EDIT: These monitors, got for free: http://support.gateway.com/s/MONITOR/7004313/7004313sp3.shtml


----------



## Sicklyboy (Jul 4, 2013)

Anything 1152x864 to 1280x1024 makes the Consoles tab show. Below that, no good.

Edit -

1152x864




1280x768



This way you can see what those two look like, though it might not be perfectly true to what you're used to since your monitor is a lower resolution.

Edit 2 - prime example, on my monitor that's 1920x1080, you can see a distinct width difference (1280 being wider of course, the entire screen being a little shorter, not visible in the picture).  On my 1366x768 display, however, they're identical widths.


----------



## techboy (Jul 4, 2013)

I just tried the 1152x864 setting. Acceptable. It's a bit smaller, but not nearly as bad as the 1280x1024 is.

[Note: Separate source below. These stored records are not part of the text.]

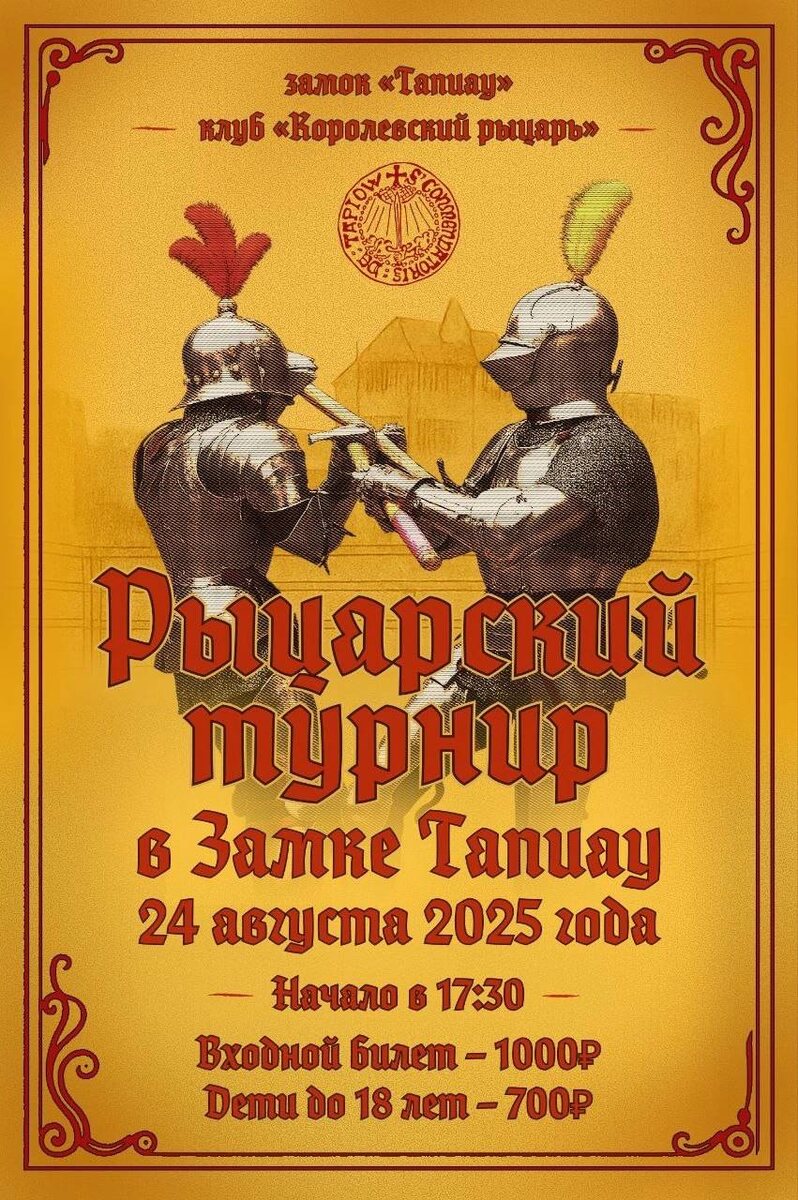 Привет, на связи Валера! Ну что, седлайте мечи и точите коней — везу вас в Средневековье! 24 августа я паркуюсь у замка Тапиау, и мы с вами шагнём в XV век. Представьте: блестящие доспехи, звон мечей, благородные рыцари и прекрасные дамы… и это не кино — всё по-настоящему! ⚔ Настоящий турнир по историческим правилам — клуб «Королевский рыцарь» покажет, как сражались 500 лет назад. 💃 Танцы «Два прихлопа, три притопа» — будете притопывать даже если пришли просто посмотреть. 🏹 Лук, арбалет, конь по имени Рой — и всё это можно попробовать! 🍗 Угощения от аустерии «Великое Посольство». 🔥 Финал — огненное шоу, от которого я сам чуть не подплавлю бампер! Шучу, это безопасно 😉 Билеты можно приобрести в кассе замка Тапиау, Билеты на рыцарский турнир в замке Тапиау, 24 августа 2025 - Калининградская обл., г. Гвардейск, ул. Дзержинского, 12. Телефон: 8 (401) 237-45-15 или по ссылке Qtickets Афиша 👉 kaliningrad.qtickets.events/180347-ryt Стоимость: ✅ Билет - взрослый билет 1000 рублей, де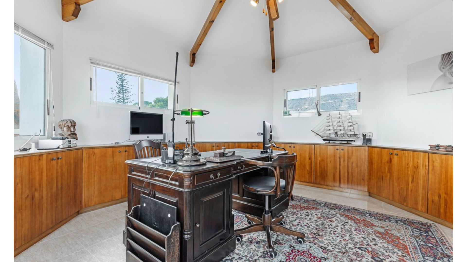 Een unieke achthoekige studeer- of observatieruimte met eigen terras biedt het meest spectaculaire uitzicht van de villa. Deze ruimte is perfect als home office, atelier of inspirerende werkplek.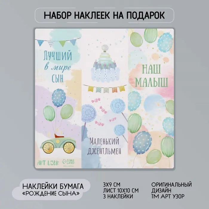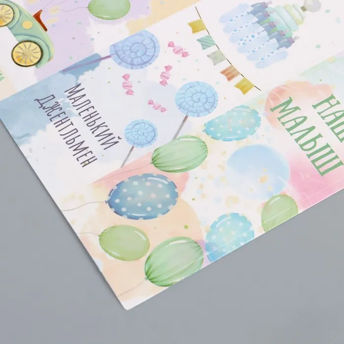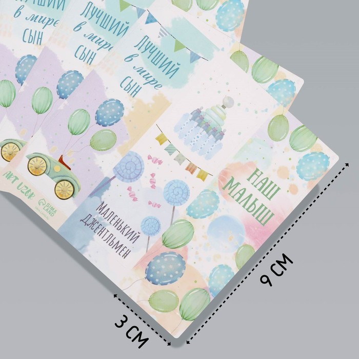 Наклейка бумага "Рождение сына" 3х9 см лист 10х10 см — Характеристики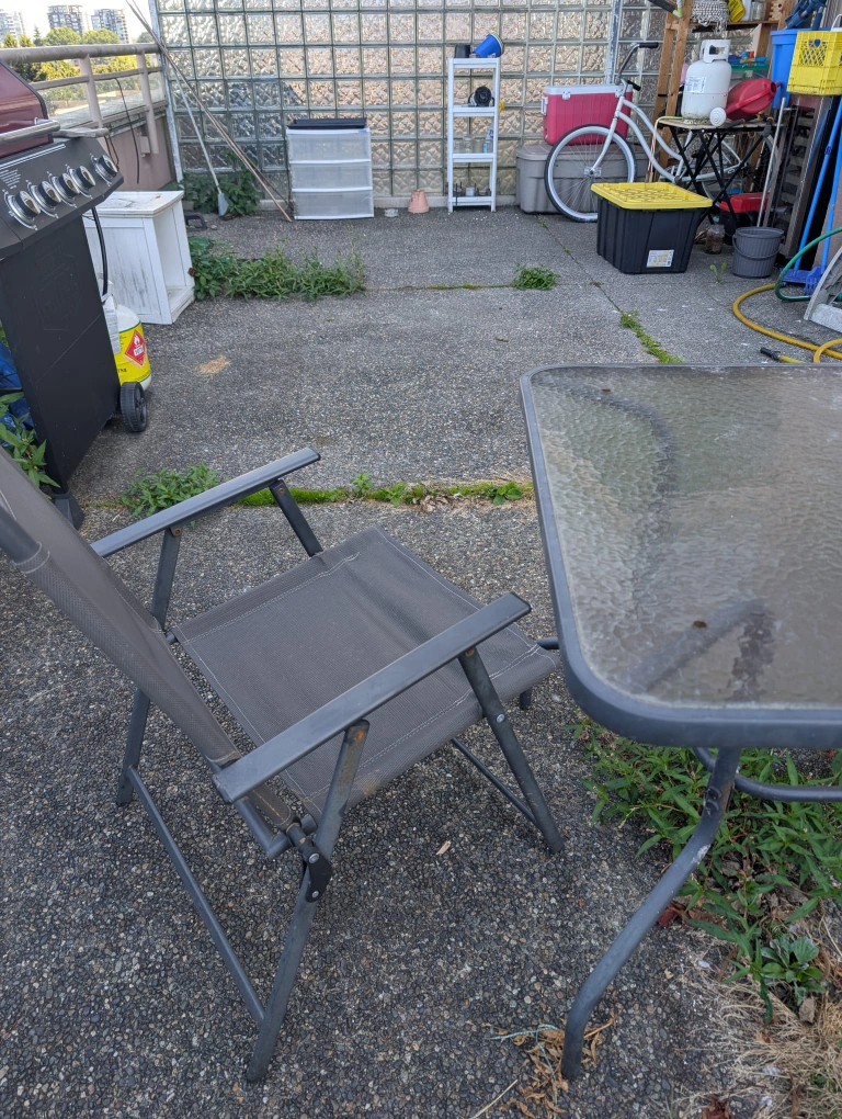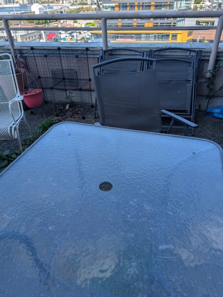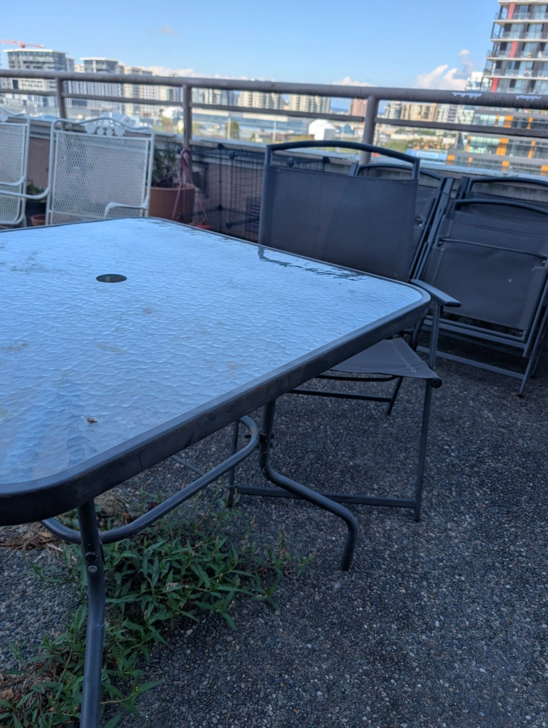 Selling a used outdoor glass table with 4 folding chairs. It's perfect for a balcony or patio. The set shows some signs of wear and tear, but is still functional and ready for use. Ideal for enjoying those summer evenings! Moving sale. Last days. Make an offer.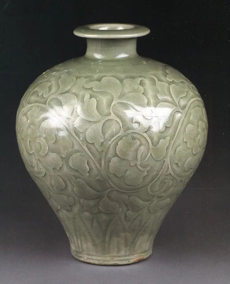 北宋耀州窑青釉刻花缠枝牡丹纹矮梅瓶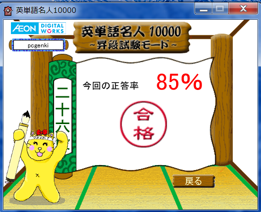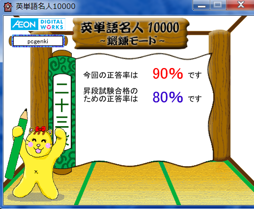 鍛錬モードが終わった時点で、80%以上の正解率だと昇段試験を受けることができます。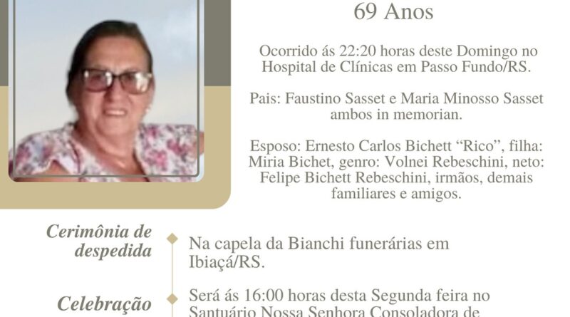 A Bianchi Funerárias, juntamente com a família Bichet, comunica com pesar, o falecimento de Mailde Sasset Bichet, ocorrido às 22 horas do dia 21/07/2024 no Hospital de Clínicas de Passo Fundo com 69 anos de idade. Seu corpo está sendo velado na Capela da Bianchi Funerárias em Ibiaçá. Celebração às 16 horas do dia 22/07/2024 e após seu sepultamento no Cemitério Municipal Ibiaçá.
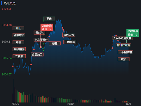 具體來看,截至4月22日11:30,紡織服裝行業(yè)漲幅達(dá)4.22%。
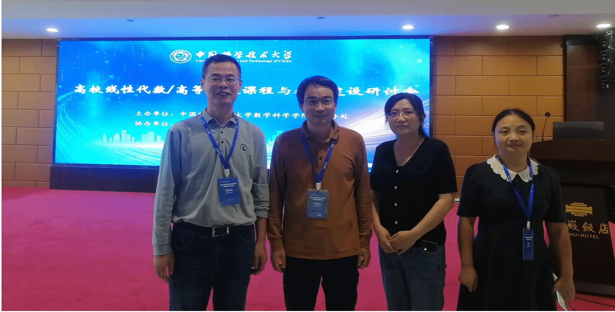本网讯 为贯彻2023年全国教育工作会议精神和《教育部高等教育司2023年工作要点》,深入探讨在新工科、新医科、新农科、新文科背景下线性代数课程建设的新内涵、教材出版的新趋势, 推进线性代数课程教学内容、教学方法和教学模式的改革与创新, 9月22-24日, 由中国科学技术大学主办,高等教育出版社协办,高校线性代数/高等代数课程与教材建设研讨会在合肥举行,今年会jinnianhuicom操晓娟、潘根安、陈业、齐继兵四位教师参加了此次研讨会。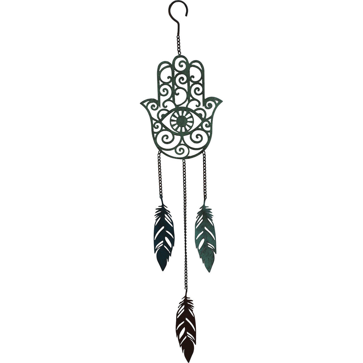 The hand of Hamsa or the Hand of Miriam is a popular symbol in North Africa Algeria common to Islamic, Jewish and Christian faith, finding its way into symbolism of several ancient religions - but above all it's a symbol of positive confluences of energy bringing in just the right kind of spiritual vibrations into your interiors. This hangable accent has been created from metal and features not just the eye embedded traditional Hamsa hand but also several feathers that give your good thoughts and positive ideas a certain lift and life. The swirls of pattern that makes up the hand itself with its two symmetrical thumbs and the inner eye is followed by three feathers in varied colours that lends the hangable beauty so much charm. There is a length of 70 cm from the hook attached to the top to the bottom feather. Can be placed like any other chime at the window or could be placed at the entrance of your home to build in that oriental appeal. The rustic metal embellishment has a superb looking design balance that appeals as much to a contemporary setting as it would to a home wanting to make itself appear more mid - eastern.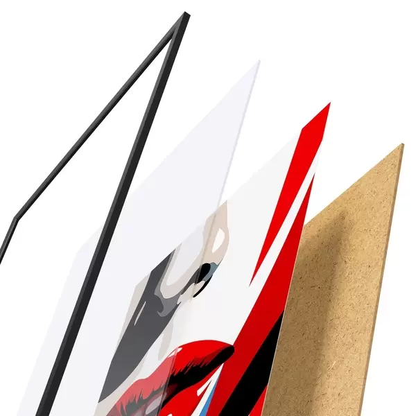 Das Poster besteht aus einem Rahmen, Plexiglas, einem gedruckten Bild und einer Rückwand aus Spanplatten. Dank der Halterungen auf der Rückseite kann das Poster sofort an die Wand gehängt werden.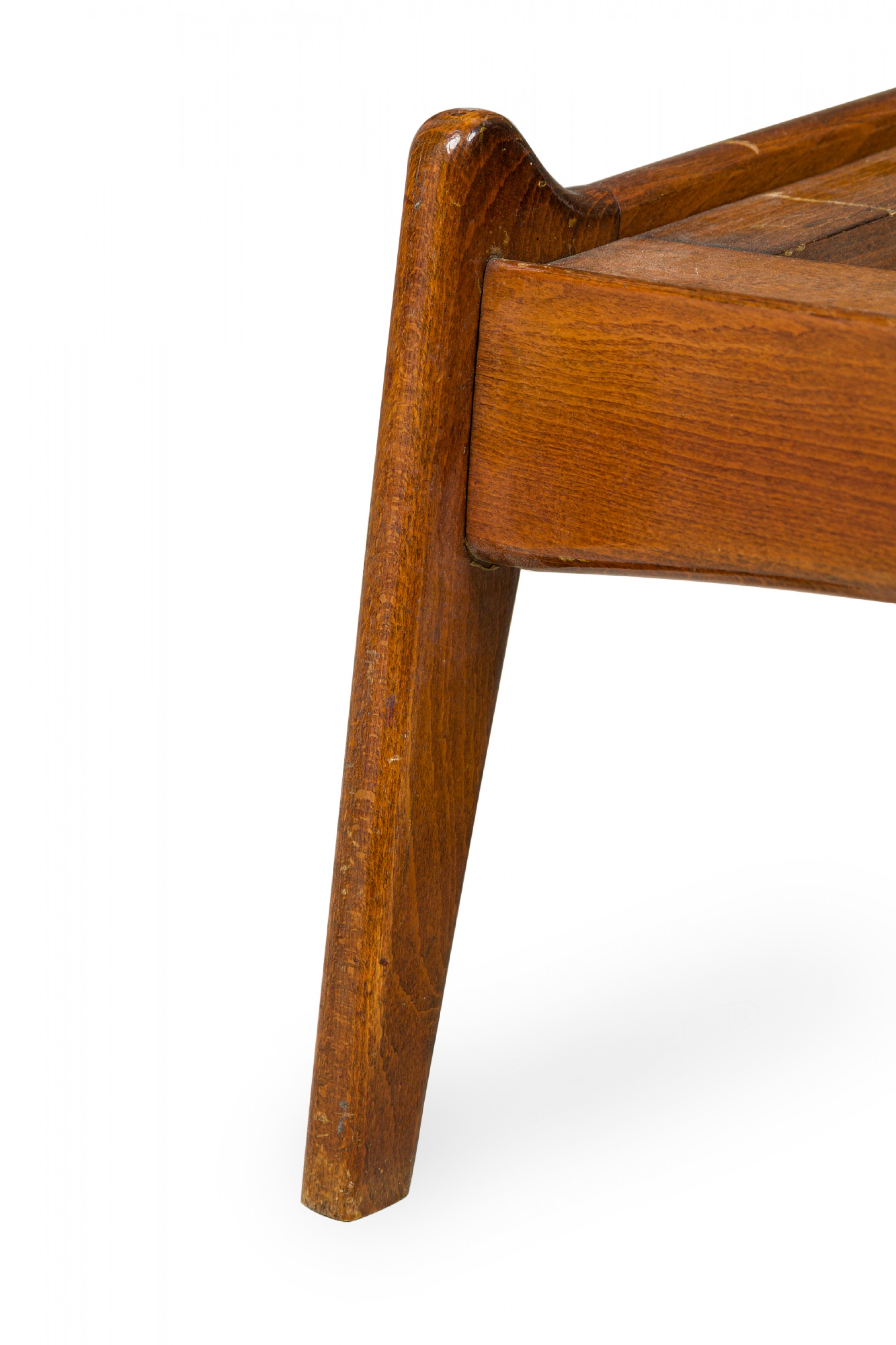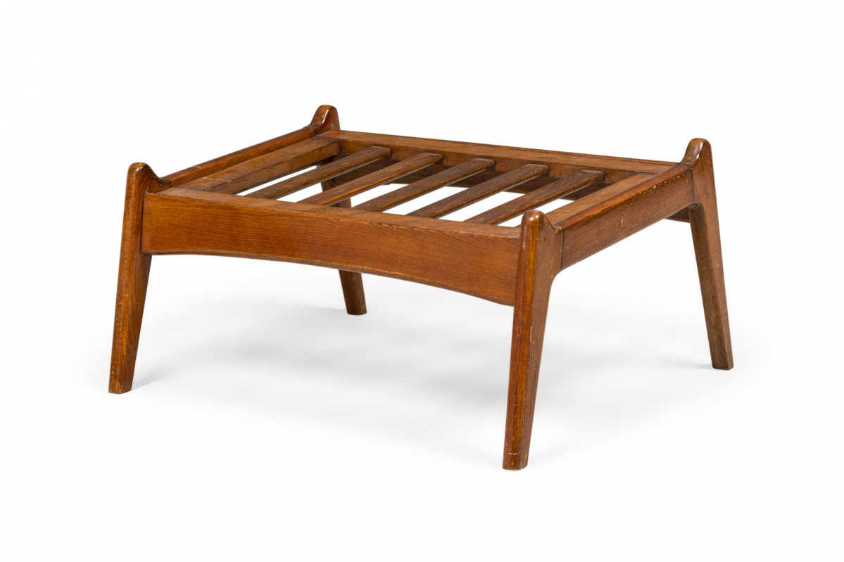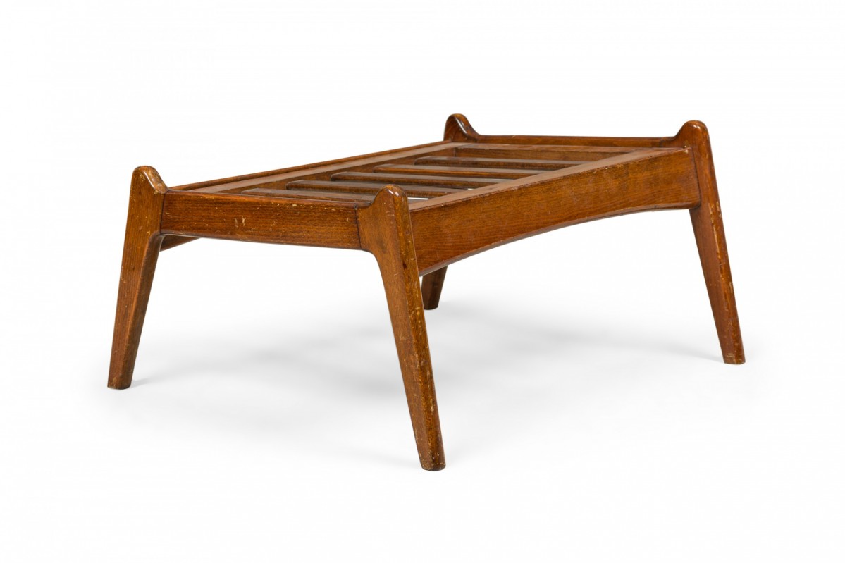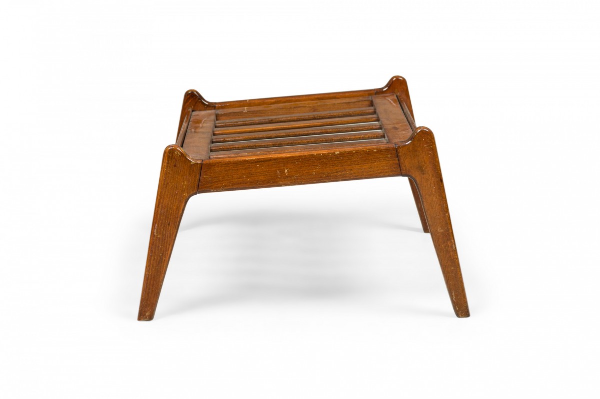 Italian Mid-Century walnut ottomans with openwork slat tops, resting on four slightly splayed tapered legs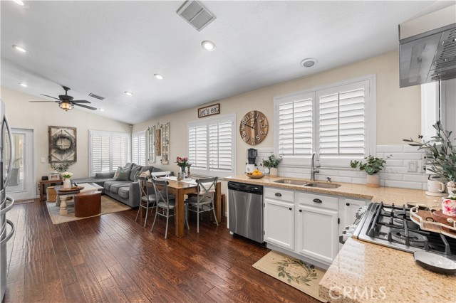 Stunning East Lancaster home with eye-catching curb appeal--this one won't last! Step into a bright formal living and dining area, perfect for entertaining. The family room flows seamlessly into the kitchen, creating an open and functional layout for everyday living. A private hallway leads to four spacious bedrooms and two beautifully upgraded bathrooms. Upgrades include engineered wood flooring, plantation shutters throughout, and remodeled bathrooms. The backyard is built for enjoyment with a large covered patio, block walls on three sides for privacy, and extensive concrete work for low maintenance. Mature palm trees complete the space, giving it a true resort-style feel. Move-in ready home priced to sell--schedule your showing today! Don't miss this opportunity to own this gorgeous home.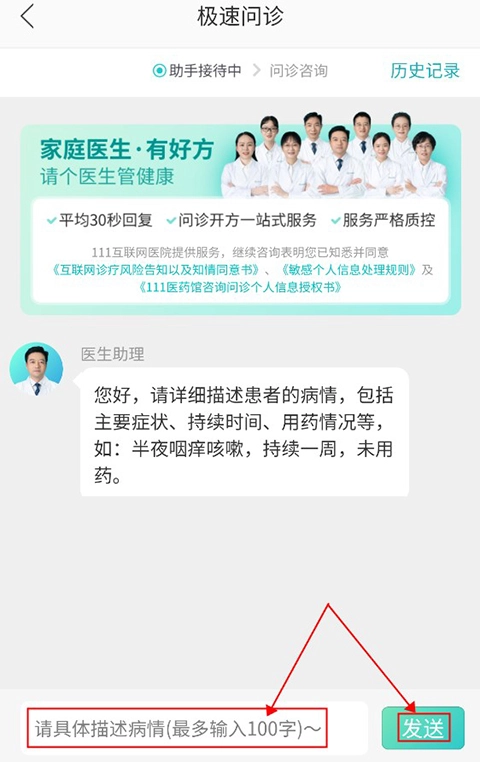 1、在软件中,用户能够进行在线问诊,通过点击首页的“家庭医生”即可进入。

Supporting the lower resolution would be appreciated, but I can make do I guess. I'm probably one of the few who's still using such low resolutions out of need.


----------



## Sicklyboy (Jul 4, 2013)

Hey man you gotta do what you gotta do.  I remember the days (just a few years ago) where 1920x1080 was readable from normal sitting distance for me.  It's not really anymore unless I really try (or maybe I'm just spoiled by the 1366x768).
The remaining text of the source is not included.